As already mentioned, the results of weak motion processing, synthesized in the zonation map, and the damage distribution are generally in a good accordance; the damage, indeed, is concentrated in two suburbs, Borgo and Serraloggia-La Spina (zone 1 and 2) where spectral ratios show the highest amplifications.

Figure 7 Site effects zonation map of Fabriano (Tento et al., 2001)

Comparison between H/V results and geology

Figure 8 shows a map of Fabriano basin depth obtained using borehole data. The basin has an ellipsoidal shape with the major axis elongated parallel to the axis of the valley. Its maximum depth reaches about 30 meters below the eastern part of the historical center.

Figure 9 H/V ratios at some station along a profile perpendicular to the axis of the valley (Tento et al., 2001)

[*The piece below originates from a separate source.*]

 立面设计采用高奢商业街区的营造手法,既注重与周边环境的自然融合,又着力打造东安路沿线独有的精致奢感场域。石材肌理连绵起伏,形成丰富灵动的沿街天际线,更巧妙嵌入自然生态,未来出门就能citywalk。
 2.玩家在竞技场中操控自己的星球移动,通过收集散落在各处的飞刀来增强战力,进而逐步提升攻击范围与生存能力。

Figure 9 represents noise H/V ratios on some stations located along a NW-SE direction across the Fabriano basin and a T0 profile (upper right panel). The coherence between the deepest portions of the basin and the stations with the lowest values of the fundamental period is fairly good as well as the higher values of fundamental period observable on the two sides of the valley (stations GE2, Garibaldi and Poio; see also Figure 6).

Comparisons between damage distribution and H/V results

The comparison between damage grade (defined according to EMS 98) and the fundamental period of soil is represented in figure 10. At a glance, this figure does not show a clear correspondence between the map of the fundamental period and the damage; on the contrary the pattern of the underlying grid appears to be correlated with the one represented in figure 8, confirming a conformity between the geological properties of the basin and noise H/V processing results.

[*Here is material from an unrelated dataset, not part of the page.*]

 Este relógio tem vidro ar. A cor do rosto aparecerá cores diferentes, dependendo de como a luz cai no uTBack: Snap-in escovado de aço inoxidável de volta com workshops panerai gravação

The four panels of Figure 11 represent for each damage grade, the distribution of the soil period under the analyzed buildings. For instance, the bottom panel (EMS98 damage grade 0) shows an almost uniform distribution of the number of buildings for each interval of the soil fundamental period (all the histograms are normalized to the total number of buildings surveyed). As already observed for figure 10, figure 11 does not show any clear evidence of correlation between soil period and damage.

Figure 10 Comparison between the spatial distribution of deposit fundamental period (orange scale grid) and the spatial distribution of damage - EMS 98 (dots of different colors) for Fabriano.

Figure 11 The four panels show the distribution for each damage grade (according to the EMS98 scale), of the soil period under the analyzed buildings. Each green circle represents a single building. Histograms are normalized in respect to the total number of buildings surveyed.


Using damage database, geological information, weak motion recordings and noise data collected in the framework of the Umbria-Marche microzonation project, we compared the results of noise H/V processing with geological and damage distribution. We found that the fundamental period of the soil as obtained by noise H/V is in agreement with the map of the basin depth obtained using boreholes information (see Figures 8, 9 and 10). However, the areal distribution of damage does not show a clear correlation to the fundamental period of the deposit pattern (Figure 10). Moreover no clear correlation, as it appears from figure 11, was observed between the damage grade and soil fundamental period.